DataLearner is an easy-to-use tool for data mining and knowledge discovery from your own compatible ARFF and CSV-formatted training datasets (* see below). It’s fully self-contained, requires no external storage or network connectivity – it builds models directly on your phone or tablet. This is not a training course or book - it is a genuine machine-learning-based data mining app.
>> ARFF and CSV support <<
Training datasets must conform to either the Weka ARFF format or CSV (comma-separated variable). CSV files must have the following features:
* must include a header row
* class attribute is initially set as last column
>> Force class attribute to nominal <<
Most of DataLearner's algorithms expect nominal/categorical class attributes and using a numeric class attribute will cause most algorithms to fail. The new 'force class attribute to nominal' overcomes this, however, nominal class attributes with too many distinct values may use up too much RAM.
*** NEWS! DataLearner research has been selected for presentation at ADMA 2019 (15th International Conference on Advanced Data Mining and Applications) and will be published in 'Lecture Notes in Artificial Intelligence' (Springer) ***
DataLearner features classification, association and clustering algorithms from the open-source Weka (Waikato Environment for Knowledge Analysis) package, plus new algorithms developed by the Data Science Research Unit (DSRU) at Charles Sturt University. Combined, the app provides 42 machine-learning/data-mining algorithms, including RandomForest, C4.5 (J48) and NaiveBayes.
DataLearner collects no information – it requires access to your device storage simply to load your datasets and build your machine-learning models.
DataLearner is being used as a teaching tool in the ITC573 Data and Knowledge Engineering subject
for the Master of Information Technology post-graduate degree at Charles Sturt University.
Get the resources:
GPL3-licensed source code on Github: https://github.com/darrenyatesau/DataLearner
Quick video on YouTube: https://youtu.be/H-7pETJZf-g
Research paper on arXiv: https://arxiv.org/abs/1906.03773
AusDM 2018 conference paper that initiated DataLearner: https://www.researchgate.net/publication/331126867
Researchers, if you use this app in research applications, please cite the research papers above. Thanks.

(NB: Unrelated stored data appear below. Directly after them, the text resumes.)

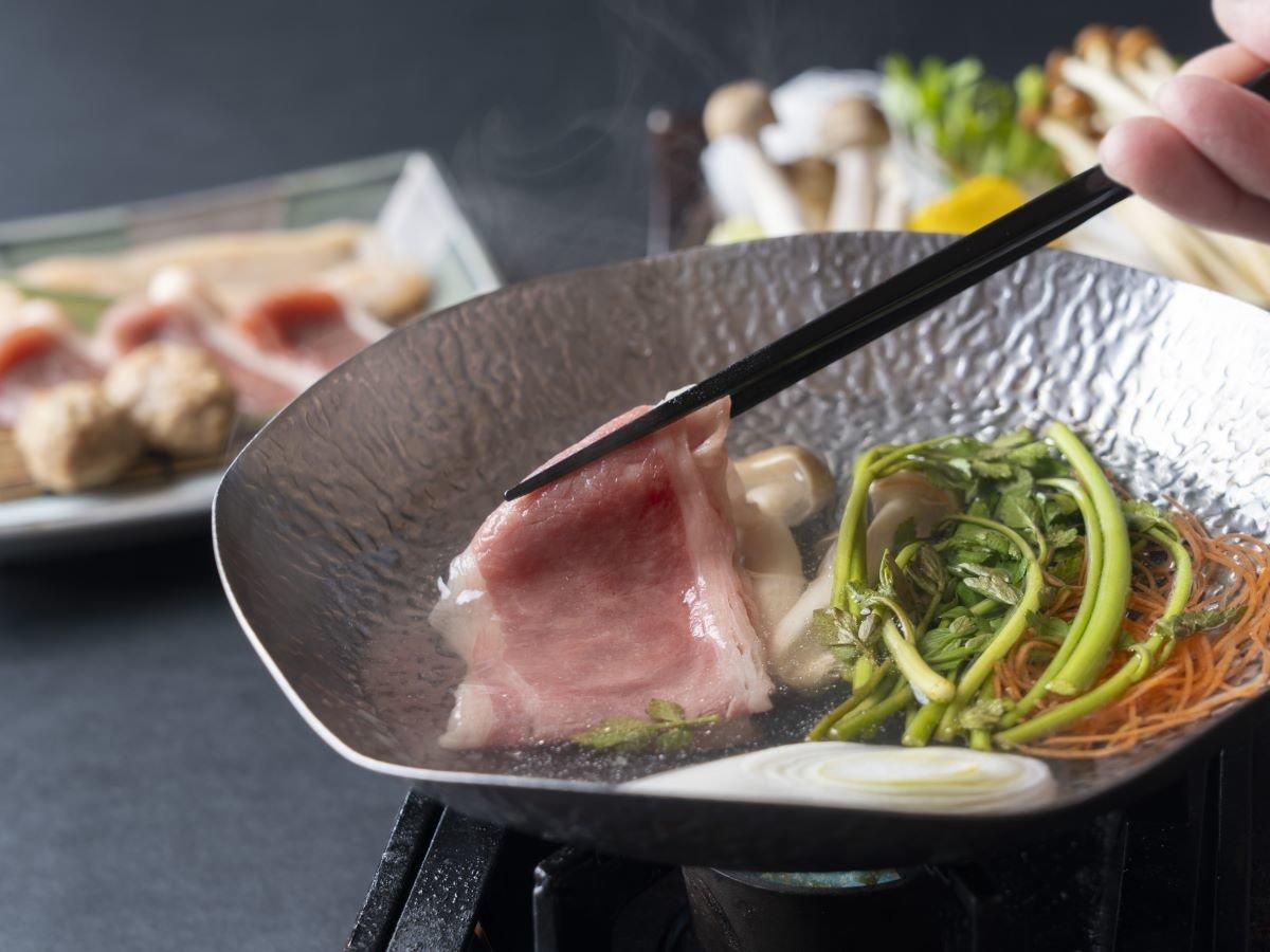【夕食/足柄遊膳会席】お肉の出汁たっぷりのお鍋を堪能。
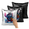 Stitch Basketball, Μαξιλάρι καναπέ Μαγικό Μαύρο με πούλιες 40x40cm περιέχεται το γέμισμα
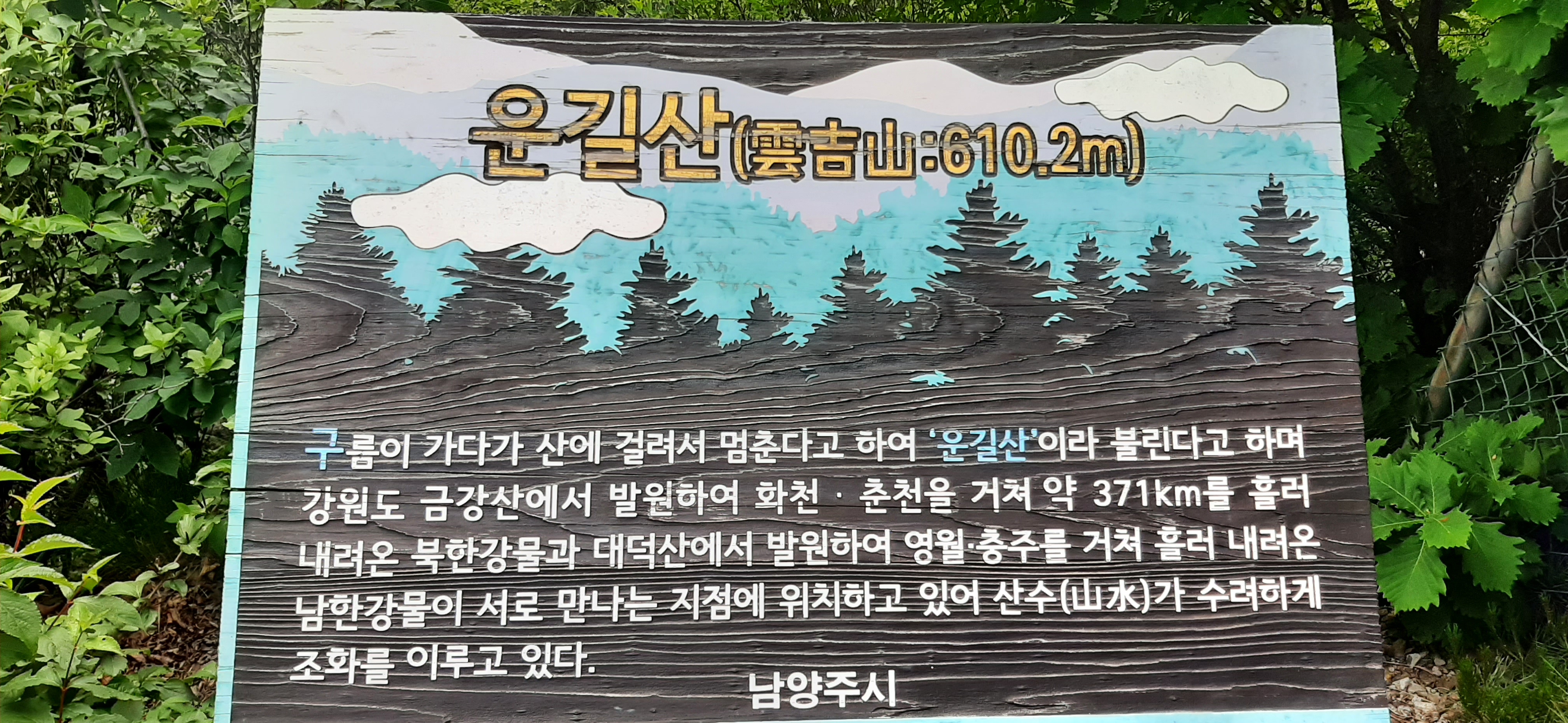 운길산은 남양주시 조안면에 위치한 높이 610.2미터인 산이다. 북한강과 남한강이 만나는 두물머리(양수리) 북서쪽 지점에 솟아 있다. 1890년(고종 27)에 지은 《수종사중수기》에는 운길로 나오고, 그보다 오래된 《동국여지승람》에는 조곡산이라고 적혀 있다.
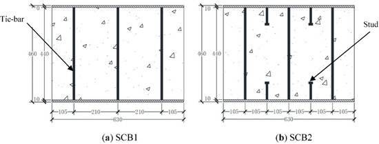 20] compared the flexural behavior between a SC composite beam with 42 tie-bars and a SC composite beam with 42 tie-bars and 56 studs. The experimental results indicated that the interfacial shear distribution can be affected by the shear connection ratio, and the added studs did not significantly improve the ductility and energy dissipation capacity of the SC composite beams under out-of-plane cyclic loading.
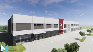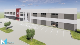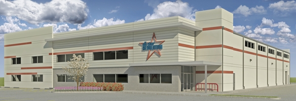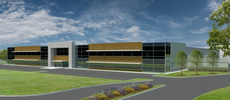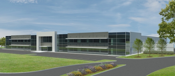 Three Square Design Group, this two-story building will be situated on a 14-acre tract of land and consist of 108,921 SF of floor space. The design will feature a two-story open lobby with office space and retail section for product display. As depicted in the artist’s rendering below, the front elevation consists of 2-story curtain wall glazing and stained concrete panels with a wood plank-type formliner, as well as louvered sunscreen canopies. A stone veneer will surround the front entrance. The expected date of completion is first quarter 2015.
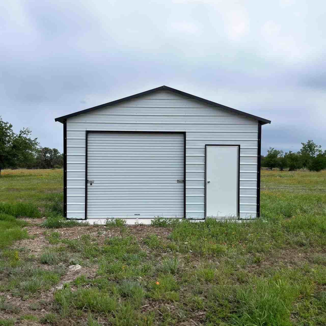 The 18×20 boxed eave style metal garage comes standard with 9′ legs fully enclosed. The cost of the garage door, walk in door or window is not included in the price.

Machine-learning algorithms include:
• Bayes – BayesNet, NaiveBayes
• Functions – Logistic, SimpleLogistic, MultiLayerPerceptron (Neural Network)
• Lazy – IBk (K Nearest Neighbours), KStar
• Meta – AdaBoostM1, Bagging, LogitBoost, MultiBoostAB, Random Committee, RandomSubSpace, RotationForest
• Rules – Conjunctive Rule, Decision Table, DTNB, JRip, OneR, PART, Ridor, ZeroR
• Trees – ADTree, BFTree, DecisionStump, ForestPA, J48 (C4.5), LADTree, Random Forest, RandomTree, REPTree, SimpleCART, SPAARC, SysFor.
• Clusterers – DBSCAN, Expectation Maximisation (EM), Farthest-First, FilteredClusterer, SimpleKMeans
• Associations – Apriori, FilteredAssociator, FPGrowth
>> Where to find dataset files? <<
DataLearner comes with a built-in demo dataset called 'rain.csv', but you'll also find plenty of datasets at the OpenML website - including the popular 'ecoli' set (https://www.openml.org). Download the ARFF versions to your phone and load them into DataLearner to build models from. Watch our new video tutorial - https://www.youtube.com/watch?v=81tSbclMVT8
This software is supplied AS-IS - while it has been tested, no warranty is implied or given.